Home
Name Modified Size InfoDownloads / Week
README.txt 2016-12-20 3.2 kB
SCIseq_RenameCellIDs.pl 2016-12-20 1.2 kB
SCIseq_FilterBamToCellIDList.pl 2016-12-20 496 Bytes
SCIseq_AddRGtoBam.pl 2016-12-20 665 Bytes
SCIseq_FilterBamToReadThreshold.pl 2016-12-20 759 Bytes
SCIseq_MakeCellIDList.pl 2016-12-20 3.3 kB
SCIseq_NextSeqFastq_to_SCIseqFastq.pl 2016-12-20 7.2 kB
SCIseq.TSase8nt_i5A_i7A.PCR10nt_i5ABCDEF_i7ABCDEF.index.txt 2016-12-20 4.1 kB
SCIseq_RemoveDuplicates.pl 2016-12-20 1.6 kB
SCIseq_RemoveDuplicatesPlot.r 2016-12-20 818 Bytes
SCIseq_SplitRunFastq.pl 2016-12-20 2.5 kB
Totals: 11 Items   26.0 kB 0
SCI-seq data processing readme:

Contact: Andrew Adey (adey@ohsu.edu)

The scripts here are for processing Single cell Combinatorial
Indexing and Sequencing (SCI-seq) raw read data.
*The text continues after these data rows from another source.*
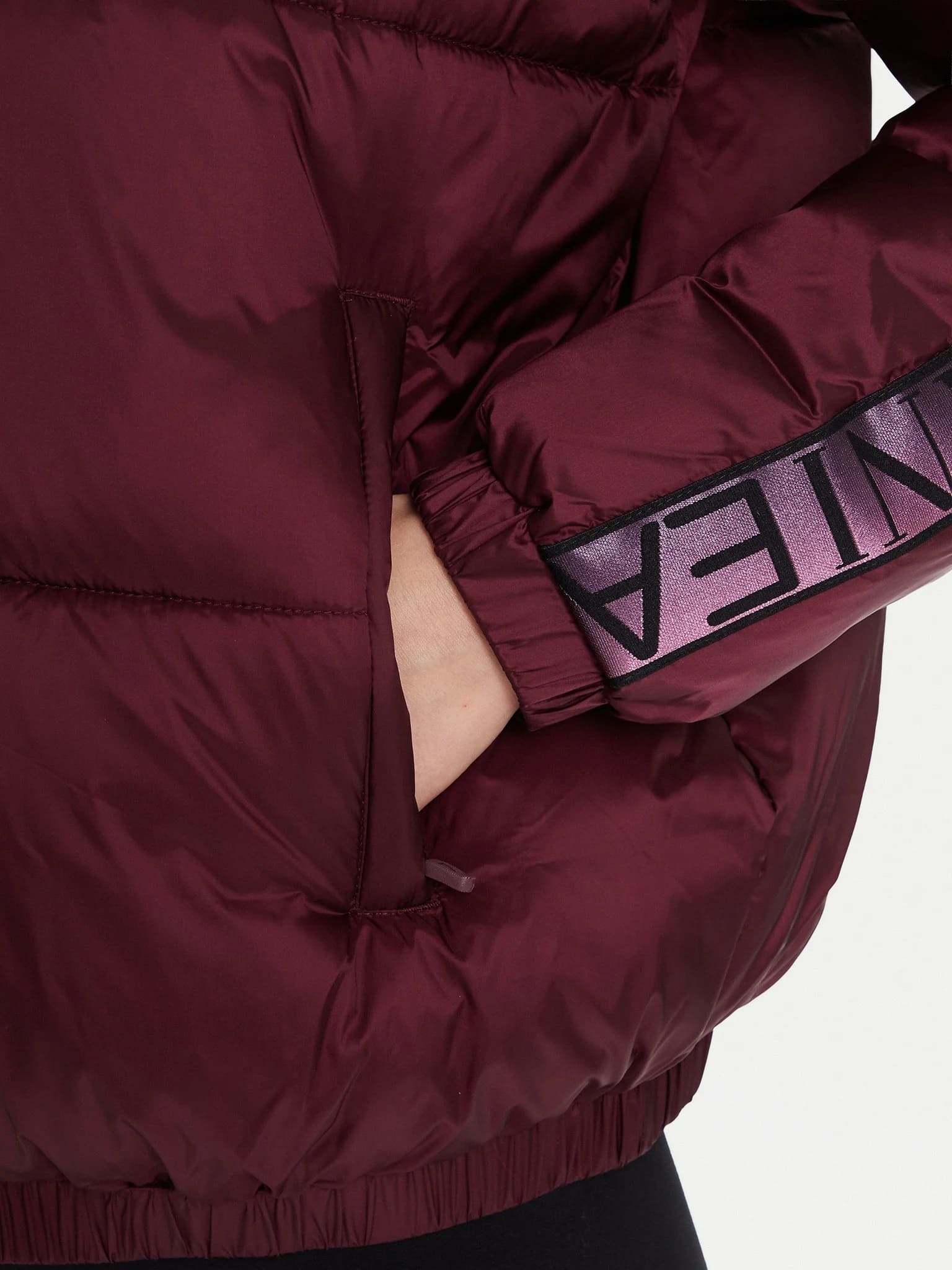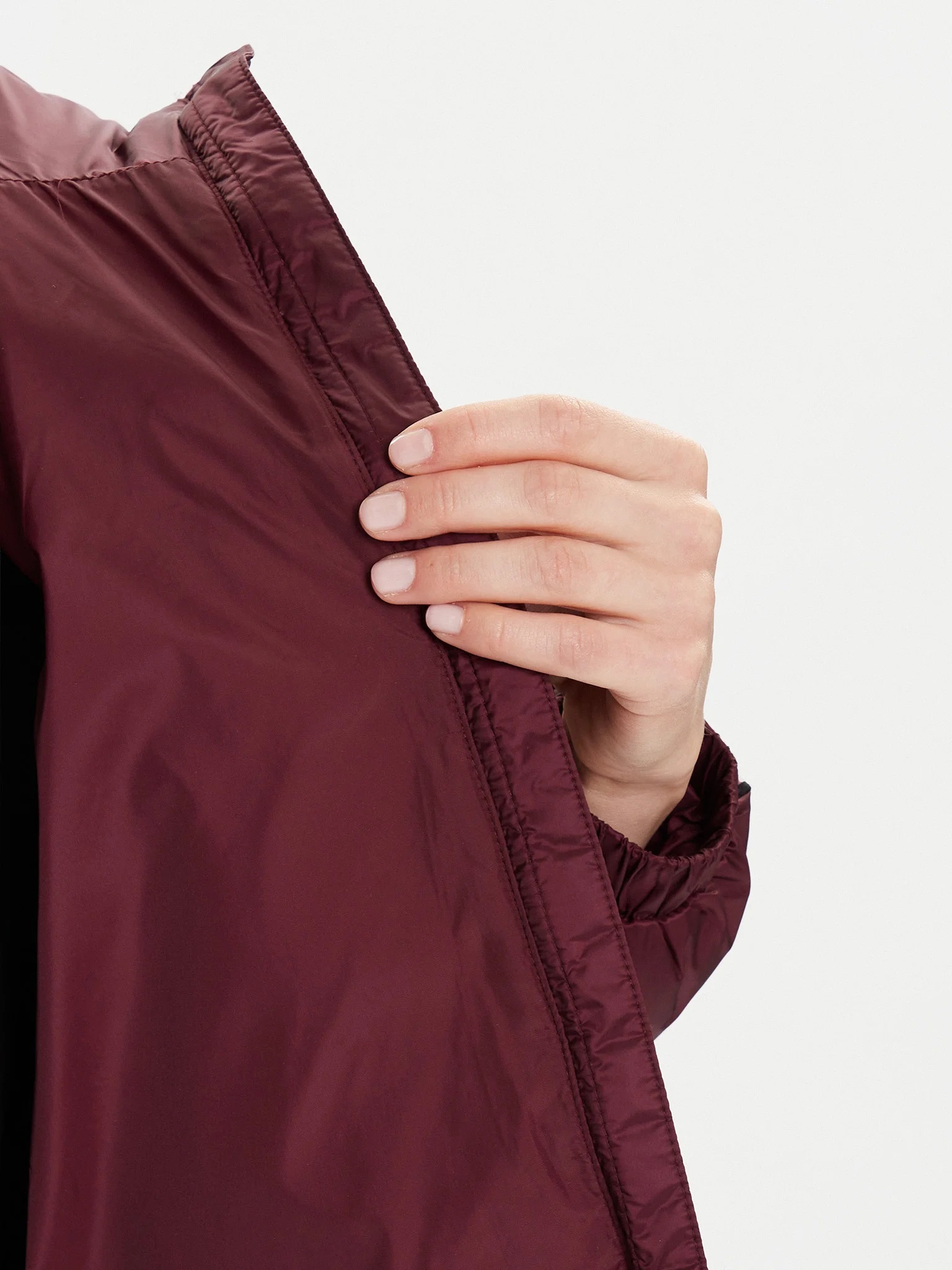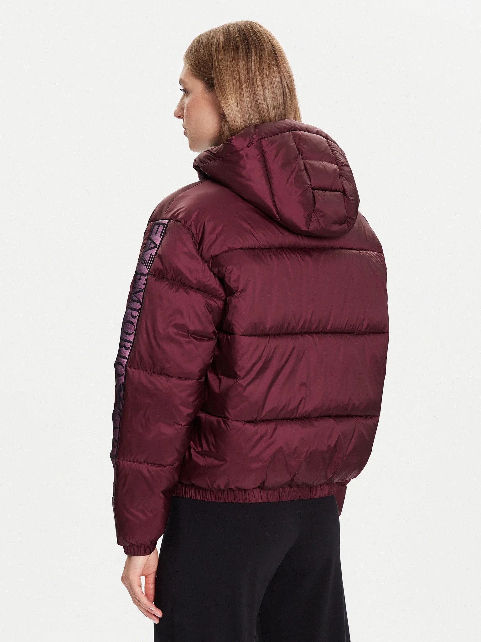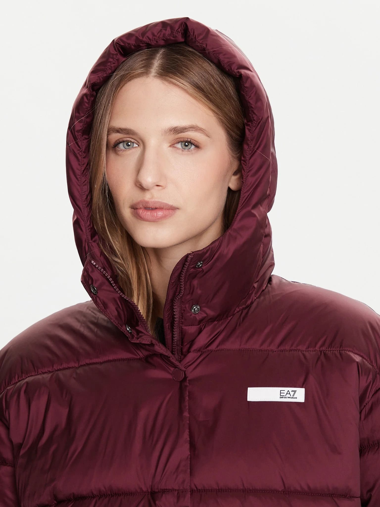 Куртка EA7 Emporio Armani бордового кольору виготовлена з гладкого поліестеру з м’яким блиском і легким утеплювачем. Прямий крій підкреслює чистоту ліній, а високий комір, капюшон і блискавка забезпечують комфорт і захист. Тонкий логотип додає охайного акценту. Добре поєднується з джинсами та черевиками або зі штанами з джерсі для міського ритму.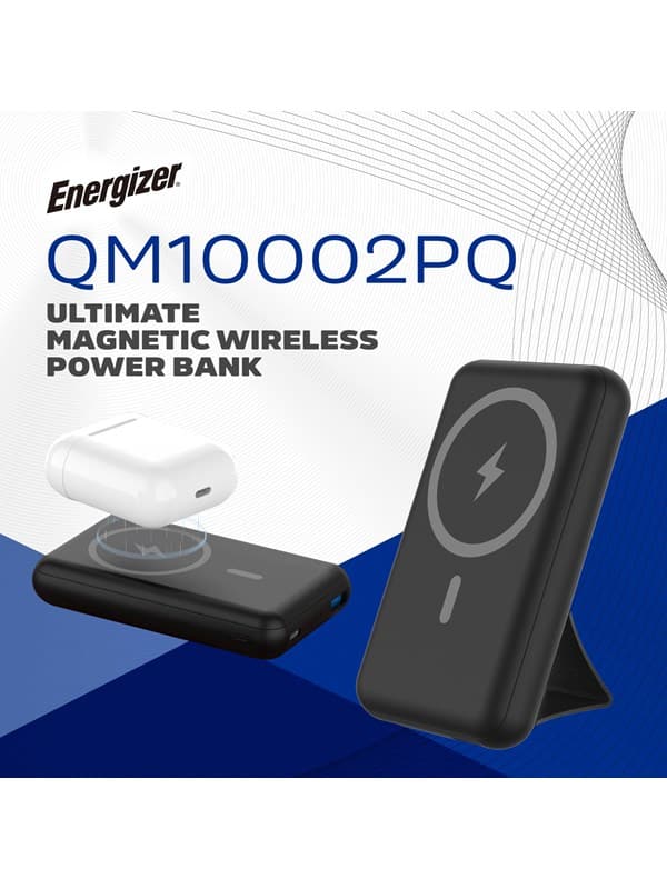 Powerbank med 10.000 mAh LiPo-kapacitet, magnetisk justering for kompatible telefoner, triple outputs inklusive 15W trådløs til Android og 7.5W til iPhone, samt 20W USBâC Power Delivery og Smart USBâA hurtigopladning.Energizer Powerbank tilbyder samti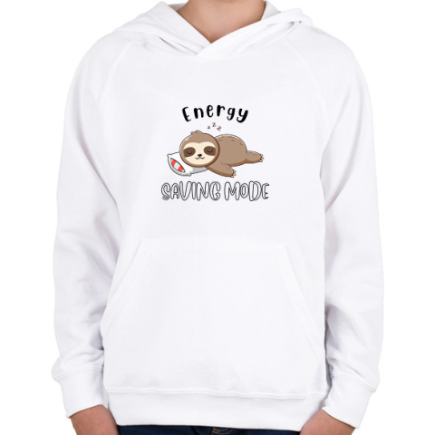 1 kép PRINTFASHION Lajhár Energy saving mode - Gyerek kapucnis pulóver - Fehér

The typical
workflow is as follows & requires samtools to be command line
callable:

1) After sequencing using SCI-seq chemistry (same as CPT-seq),
   perform the standard bcl2fastq v2 script as standard for
   NextSeq sequencing runs but be sure to include the
   following options: --with-failed-reads and
                      --create-fastq-for-index-reads

2) In the folder witht he Undetermined... fastq files, run
   SCIseq_NextSeqFastq_to_SCIseqFastq.pl with the first
   arguement as the directory (just "." if current), the
   second arguement as the index file int he format:
    IndexID (tab) Index Number (1-4) (tab) Index Sequence
   The file:
    SCIseq.TSase8nt_i5A_i7A.PCR10nt_i5ABCDEF_i7ABCDEF.index.txt
   is provided, and the third arguement as an output prefix.

   The output of this script will be forward and reverse reads
   for those matching the idexes and rejected reads. The read
   names will be int he format used for processing where the
   name is the barcode (cell identifier) and a unique number.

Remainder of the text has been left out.